EXCERPTED RECORDS
※ ※ ※

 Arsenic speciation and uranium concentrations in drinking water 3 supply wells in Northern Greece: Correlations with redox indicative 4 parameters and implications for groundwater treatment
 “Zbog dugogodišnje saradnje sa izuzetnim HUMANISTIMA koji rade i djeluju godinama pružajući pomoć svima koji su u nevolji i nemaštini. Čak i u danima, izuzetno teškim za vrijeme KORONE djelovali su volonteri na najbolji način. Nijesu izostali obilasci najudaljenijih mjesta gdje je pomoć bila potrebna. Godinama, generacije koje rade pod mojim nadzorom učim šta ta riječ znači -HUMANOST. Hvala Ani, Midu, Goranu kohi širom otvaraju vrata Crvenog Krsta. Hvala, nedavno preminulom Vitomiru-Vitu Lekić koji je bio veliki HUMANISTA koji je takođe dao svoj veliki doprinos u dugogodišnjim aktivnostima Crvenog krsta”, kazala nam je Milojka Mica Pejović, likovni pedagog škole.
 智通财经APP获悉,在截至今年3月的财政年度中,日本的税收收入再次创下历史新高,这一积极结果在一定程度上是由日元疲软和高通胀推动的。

※ ※ ※

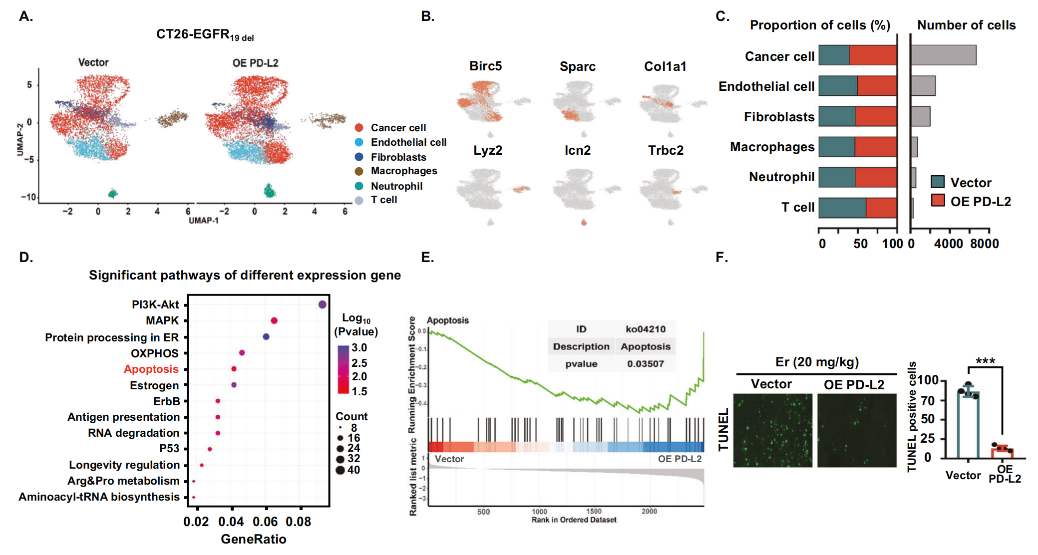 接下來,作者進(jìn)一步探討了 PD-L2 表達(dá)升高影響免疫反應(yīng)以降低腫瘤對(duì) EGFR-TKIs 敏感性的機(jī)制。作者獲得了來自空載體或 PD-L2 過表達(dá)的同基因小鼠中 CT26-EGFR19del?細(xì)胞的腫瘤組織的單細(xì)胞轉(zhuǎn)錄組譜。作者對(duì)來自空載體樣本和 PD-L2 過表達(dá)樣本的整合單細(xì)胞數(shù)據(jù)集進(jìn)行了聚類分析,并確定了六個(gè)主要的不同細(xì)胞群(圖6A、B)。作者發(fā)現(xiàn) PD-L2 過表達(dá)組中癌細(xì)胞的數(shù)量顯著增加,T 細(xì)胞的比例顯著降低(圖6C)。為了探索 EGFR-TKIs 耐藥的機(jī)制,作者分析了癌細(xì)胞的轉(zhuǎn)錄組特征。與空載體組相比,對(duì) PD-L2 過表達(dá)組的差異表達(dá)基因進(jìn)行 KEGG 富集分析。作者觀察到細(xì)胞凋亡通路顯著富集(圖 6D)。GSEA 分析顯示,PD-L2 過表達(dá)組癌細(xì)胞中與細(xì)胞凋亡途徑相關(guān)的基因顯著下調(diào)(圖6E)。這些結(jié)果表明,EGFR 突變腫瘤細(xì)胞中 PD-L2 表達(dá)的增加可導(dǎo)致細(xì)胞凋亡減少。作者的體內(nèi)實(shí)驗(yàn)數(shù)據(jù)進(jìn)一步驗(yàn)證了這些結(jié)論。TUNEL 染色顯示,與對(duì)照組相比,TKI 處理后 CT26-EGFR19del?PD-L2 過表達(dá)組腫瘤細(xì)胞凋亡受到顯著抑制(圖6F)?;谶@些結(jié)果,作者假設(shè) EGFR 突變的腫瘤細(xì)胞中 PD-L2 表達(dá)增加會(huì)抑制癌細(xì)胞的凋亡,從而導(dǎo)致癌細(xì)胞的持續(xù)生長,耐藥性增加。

※ ※ ※

BRIEF
The line above containing "likovni pedagog škole.", the line containing "智通财经APP获悉,在截至今", and every line between them are to be transcribed exactly; no other line is wanted.

ANSWER BOX
 “Zbog dugogodišnje saradnje sa izuzetnim HUMANISTIMA koji rade i djeluju godinama pružajući pomoć svima koji su u nevolji i nemaštini. Čak i u danima, izuzetno teškim za vrijeme KORONE djelovali su volonteri na najbolji način. Nijesu izostali obilasci najudaljenijih mjesta gdje je pomoć bila potrebna. Godinama, generacije koje rade pod mojim nadzorom učim šta ta riječ znači -HUMANOST. Hvala Ani, Midu, Goranu kohi širom otvaraju vrata Crvenog Krsta. Hvala, nedavno preminulom Vitomiru-Vitu Lekić koji je bio veliki HUMANISTA koji je takođe dao svoj veliki doprinos u dugogodišnjim aktivnostima Crvenog krsta”, kazala nam je Milojka Mica Pejović, likovni pedagog škole.
 智通财经APP获悉,在截至今年3月的财政年度中,日本的税收收入再次创下历史新高,这一积极结果在一定程度上是由日元疲软和高通胀推动的。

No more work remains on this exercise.